I’ve never been much of a music connoisseur, preferring NPR news programming to iTunes on the road or in the house. When I started running six weeks ago, I tried to play music but found the tempos incongruous with my epically slow pace. Either the beat was way too fast for my dinosaur plod or the slow music was slowing me down so much that I might as well be walking. I found a happy middle ground a couple of weeks ago. As my runs got longer, I started listening to the audiobook version of True Grit that I had gotten through audible and forgotten about. It was perfect for running, the plot was engaging enough to keep me distracted from the increasingly endless seeming intervals, Mattie’s incisive observations of the adults around her left a smile on my face every few minutes and in general I found my runs sped by faster with the book in my ears.
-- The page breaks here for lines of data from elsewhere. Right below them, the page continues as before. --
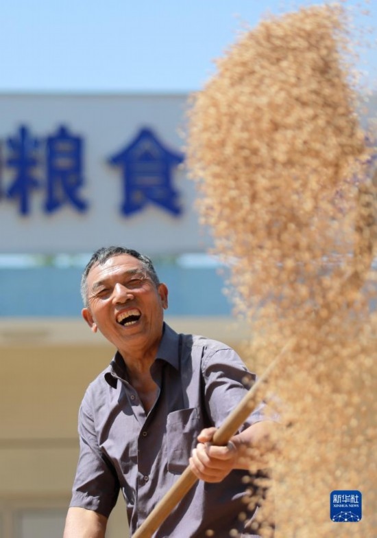 6月9日,山東省聊城市茌平區(qū)賈寨鎮(zhèn)賈寨前村的農(nóng)民在揚(yáng)曬小麥。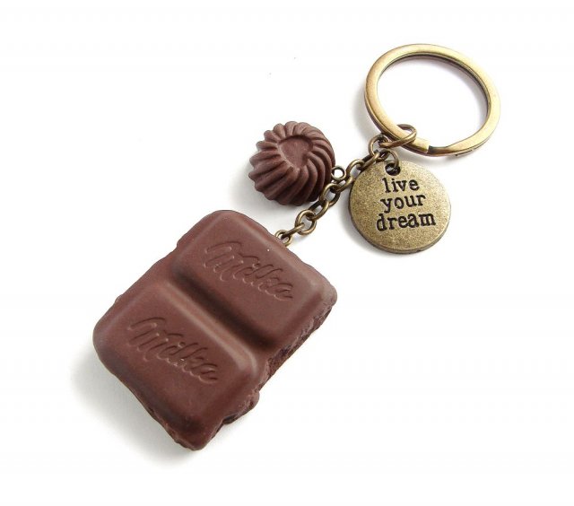 Apetyczny breloczek do kluczy lub torebki z kawałkiem czekolady milka i malą pralinką wykonanymi z masy termoutwardzalnej fimo oraz metalowa zawieszka "live your dream"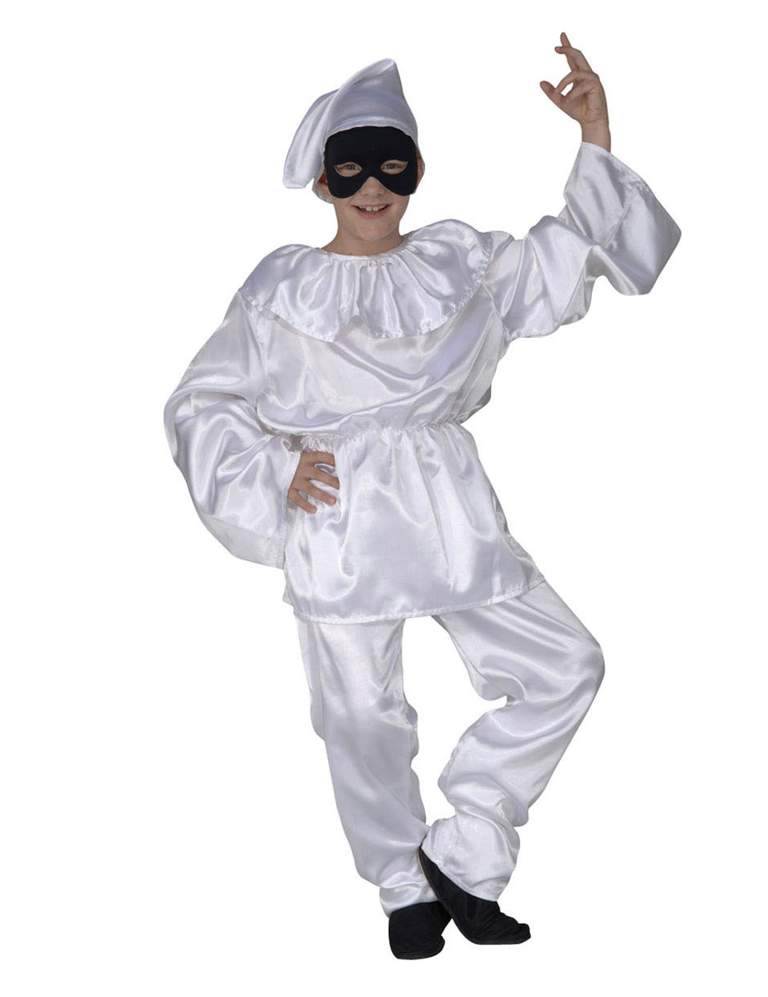 Deze witte Pierrot outfit voor kinderen bevat een overhemd, een broek en een muts (Masker en schoenen zijn niet inbegrepen).

Two mornings ago, as I left on my run, the Audible app crashed and I was unable to get it to find my place in the book as I was walking out the door. I had a terrible run, trying to listen to Indigo Girls but feeling every step. It may have been that I was dehydrated and slightly sleep deprived, but by the end of the run I began to believe it was because I was no longer sufficiently distracted from the pain of my increasing time and mileage. This morning, I forgot to try and fix the problem until I was already out the door, but I was in no mood for any of the music I could think to accompany me. So I did something I am usually loathe to do; I ran in silence.
Long ago, when savvy music lovers were making the precarious transition from walkmans to discmans and I still considered myself a runner, I remember a particularly purist coach talking about the terrible habit of running with music. He claimed that the varying beats messed up one’s pace, and nobody listened to what their body was saying when they were listening to someone else singing through their (ear-sized, foam covered) earphones. Young and eager to please, I took him to heart. The fact that nobody could figure out how to run with a discman without it skipping helped me follow his purist mindset a little more easily, in those days.
Today, running in silence for the first time since I started this gambit, I began to wonder if there was something to his expositions on tuning into the mind and body instead of out. I found myself intensely focused on myself for the first part of that run, in particular, how I was unsure if my body was going to make it through said run in one piece without crashing. For about a third of the course, I was doubtful and negative, interpreting every little ache and pain as the beginnings of good reason to stop. And then beating myself up for the specter of failure rearing its grotesque head at the thought. Going under the railroad bridge brought my head around, and I realized what was happening. I began to wonder if what is need at this point isn’t necessarily an absence of distraction, but a focus and discipline of the mind. What I may need now is the strength to silence the negative voices and focus instead of the pleasures of the run; the sun on my cheeks and shoulders, a cool breeze kicked up suddenly, the emerald green fields of Como park stretching out below my feet, the slick of sweat on skin, Ersta’s eager nose in my hand at just the moment I’d forgotten she was there at my knee. Or focus on other things entirely, the bigger narratives, like the sermons of a devote of the road runner’s life ringing back clearly from decades ago, or a packing list for my largely unplanned trip commencing in the morning, or intentions for the rest of the day rolling out before me. Perhaps it is not the running itself I am squandering by listening to a book or a tune, but an opportunity to discipline not only the body, but the capricious mind as well.